Once submerged, the Erthuma let go of the ship briefly. His buoyancy should still be slightly positive for the liquid air density of the Pits. A moment unsupported in the slightly denser water set him drifting upward and confirmed the belief. He juggled briefly with suit controls and began swimming downward again before they had finished responding. The effort decreased over the next few seconds as cylindrical tanks around his waist and hips drove their enclosed pistons upward, admitting water below and forcing some of the buffering oxygen on the other side back into its storage tank. Hugh could detect the change, and might even have returned to the surface if it had not occurred, but was more concerned with finding the Cephallonian.

He could see well enough. Water was appreciably less transparent to Grendel’s redder-than-Solar light than seemed normal to Erthumoi, but he was still close to the surface. The whole length of the submarine could be distinguished, but he didn’t have to look that far. The being he sought was under the hull beside one of the thruster pods, about as far back from the bow as Hugh had entered the water. It — no, he — did not seem to have panicked; there was no violent thrashing. The Cephallonian might have been doing something with his small and rather inefficient hands, but the great driving muscles of his flukes and after body were relaxed. Two armored Habras hung beside him, working with ropes. Hugh swam closer to get more detail. This revealed itself in slow-motion playback fashion.

The pod was sinking gently away from the hull frame, snapping a final support cable as Hugh watched. The streamlined form of the Cephallonian settled with it, the two-body system twisting slowly to bring the thruster underneath and conceal it from Hugh’s view. He could now see that the swimmer was wearing a fairly complex work harness, and got the impression that the pod had somehow become attached to this and was dragging him away from the surface.

The Habras had closed in and were now also partly hidden beneath their fellow worker, whose body was much longer than theirs — he was far larger than the Cephallonians whom Hugh and his wife had known earlier. Whether this was an individual peculiarity or racial characteristic implying a different world of origin was unimportant at the moment; the fact itself was what had to be faced. It might either help or hinder. Hugh set his own buoyancy a little further toward negative and approached the group as quickly as he could.

“Can’t they get you loose?” he keyed. The two stage code-through-Falgite-to-Cephallonian translation caused some delay in the response.

“Probably not,” the answer came. “I wasn’t expecting them to try very hard.”

“I have a good knife. Is cutting your harness acceptable?”

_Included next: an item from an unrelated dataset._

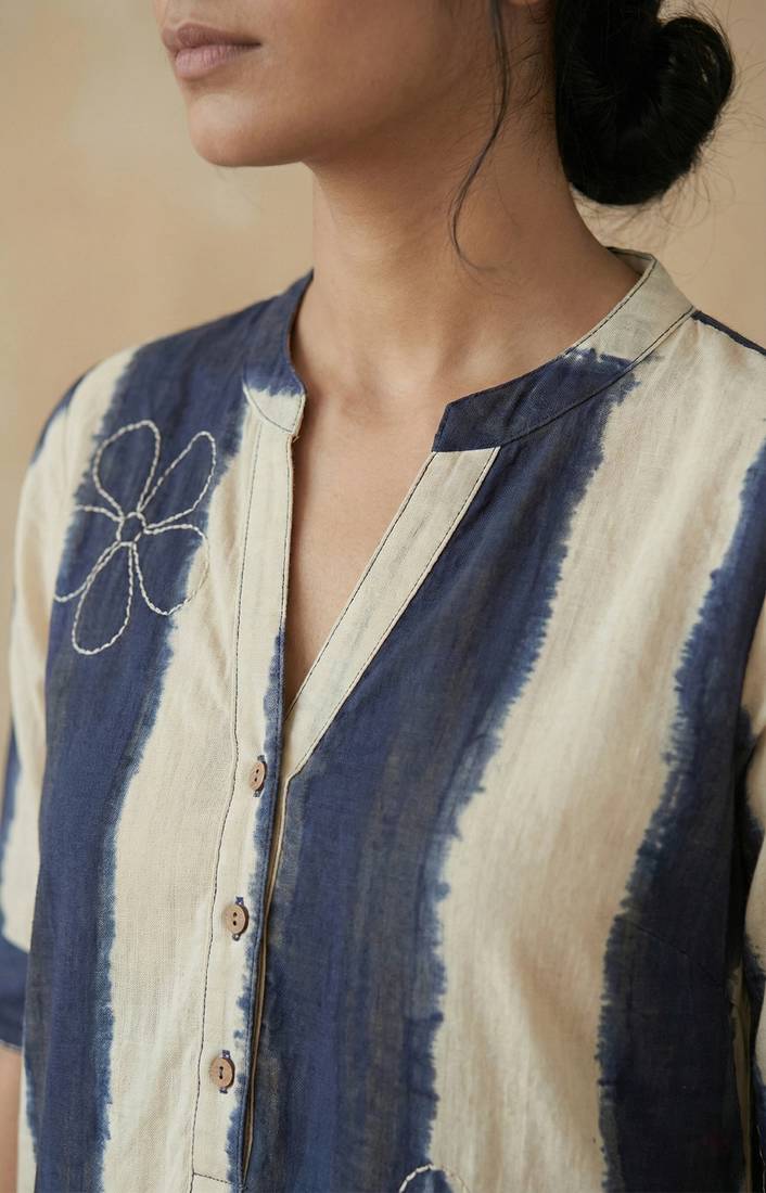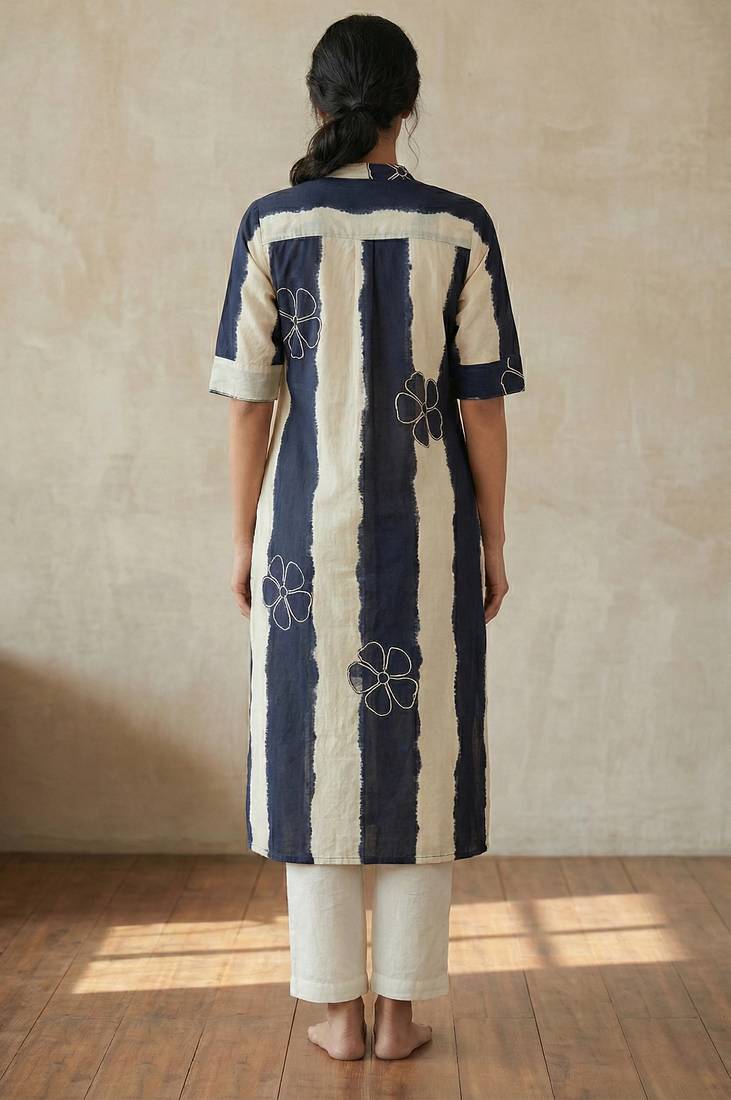 | Product Description | Navy Striped Embroidered Cotton Straight Kurti Is Designed For Women Who Love Comfort With Modern Elegance. The Breathable Cotton Blend Fabric Ensures An Easy All Day Feel. Featuring Hand Paint Style Vertical Stripes, Delicate Floral Thread Embroidery, A Mandarin Collar And A Full Button Down Front, This Kurti Is Perfect For Office Wear, Everyday Wear, And Casual Outings. Its Straight Fit Silhouette Creates A Sleek, Flattering Look Suitable For All Seasons. Seo Keywords Navy Kurti, Striped Kurti For Women, Embroidered Cotton Kurti, Button Down Kurti, Straight Kurti, Breathable Cotton Kurta, Office Wear Kurti, Trendy Kurti For Women, Daily Wear Kurti, Summer Cotton Kurti |

“No. We don’t want to lose the driver.”

“What can I do?”

“How much buoyancy can you furnish?”

“Only two kilograms-water-equivalent. You could swim upward with more force than that, I’m afraid.”

“Please try, anyway. More support lines are coming; the slower we sink, the easier it will be to get them to us.”

The Erthuma closed the remaining distance between himself and the Cephallonian and secured a one-handed grip on the harness. With the other he twisted his buoyancy control to full positive. As he had feared, the effect on their group sinking rate was very small, though he could feel the tension on his arm.

He wondered briefly how deep they could go before pressure endangered the other, but decided not to ask yet. If that problem became urgent, he could expect to be told. He coded what he considered a more immediate question.

“Can’t you swim upward yourself?”

“Not with the thruster where it is, ahead of my center of buoyancy; I can’t turn upward. The Habras arc trying to shift it closer to my tail without losing all hold on it. Your hands are much more dexterous than mine, and your arms longer than theirs; perhaps your best tactic would be to match buoyancies so as to free both arms, and help them with their rope work.”